The Group operates both funded and unfunded pension arrangements; the majority, including the three most significant schemes, are funded schemes in the UK. All of these UK funded schemes are operated as separate legal entities under trust law, are in compliance with the Pensions Act 2004 and are managed by a Trustee Board (the Trustee) whose role is to ensure that their scheme is administered in accordance with the scheme rules and relevant legislation, and to safeguard the assets in the best interests of all members and beneficiaries. The Trustee is solely responsible for setting investment policy and for agreeing funding requirements with the employer through the funding valuation process. The Board of Trustees must be composed of representatives of the scheme membership along with a combination of independent and employer appointed trustees to comply with legislation and scheme rules.
A valuation to determine the funding status of each scheme is carried out at least every three years, whereby scheme assets are measured at market value and liabilities (technical provisions) are measured using prudent assumptions. If a deficit is identified a recovery plan is agreed between the employer and the scheme Trustee and sent to the Pensions Regulator for review. The Group has not provided for these deficit contributions as the future economic benefits arising from these contributions are expected to be available to the Group. The Group’s overseas defined benefit pension schemes are subject to local regulatory arrangements.

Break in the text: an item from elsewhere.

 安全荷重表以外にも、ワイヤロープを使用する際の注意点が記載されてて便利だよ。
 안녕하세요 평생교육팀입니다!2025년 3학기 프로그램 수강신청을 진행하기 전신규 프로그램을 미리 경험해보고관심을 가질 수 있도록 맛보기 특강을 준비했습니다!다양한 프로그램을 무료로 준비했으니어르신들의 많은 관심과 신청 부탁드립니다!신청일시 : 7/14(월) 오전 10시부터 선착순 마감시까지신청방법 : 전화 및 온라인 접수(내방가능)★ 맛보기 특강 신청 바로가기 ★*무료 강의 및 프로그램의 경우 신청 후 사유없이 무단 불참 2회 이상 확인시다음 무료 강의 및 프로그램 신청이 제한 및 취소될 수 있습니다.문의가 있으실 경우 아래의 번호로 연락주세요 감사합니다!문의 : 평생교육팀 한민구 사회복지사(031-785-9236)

The most recent triennial funding valuations of the Group’s three main defined benefit pension schemes showed an aggregate ongoing funding deficit of £7.3 billion as at 31 December 2019 (a funding level of 85.7 per cent). Under the agreed recovery plan, £0.8 billion plus a further 30 per cent of in-year capital distributions to ordinary shareholders, up to a limit on total deficit contributions of £2.0 billion per annum, is payable until the 2019 deficit has been removed.
These schemes continue to have a funding deficit, but are in a significantly stronger financial position than at 31 December 2021, when the deficit was c.£4.0 billion. During 2022, deficit contributions of £2.2 billion were paid into these schemes and the Group expects to make a further fixed contribution of £0.8 billion in the first half of 2023, consistent with 2021 and 2022.
The Group expects to have substantially agreed the triennial valuation with the Trustee by the end of the third quarter of 2023, along with a revised contribution schedule in respect of any remaining deficit. Trustee agreement will be conditional upon prior feedback from the Pensions Regulator. The Group also expects that future contributions will become increasingly contingent in nature, such that they are only paid into the schemes if required.
The deficit contributions are in addition to the regular contributions to meet benefits accruing over the year, and to cover the expenses of running the schemes. The Group expects to pay contributions of at least £1.1 billion to its defined benefit schemes in 2023.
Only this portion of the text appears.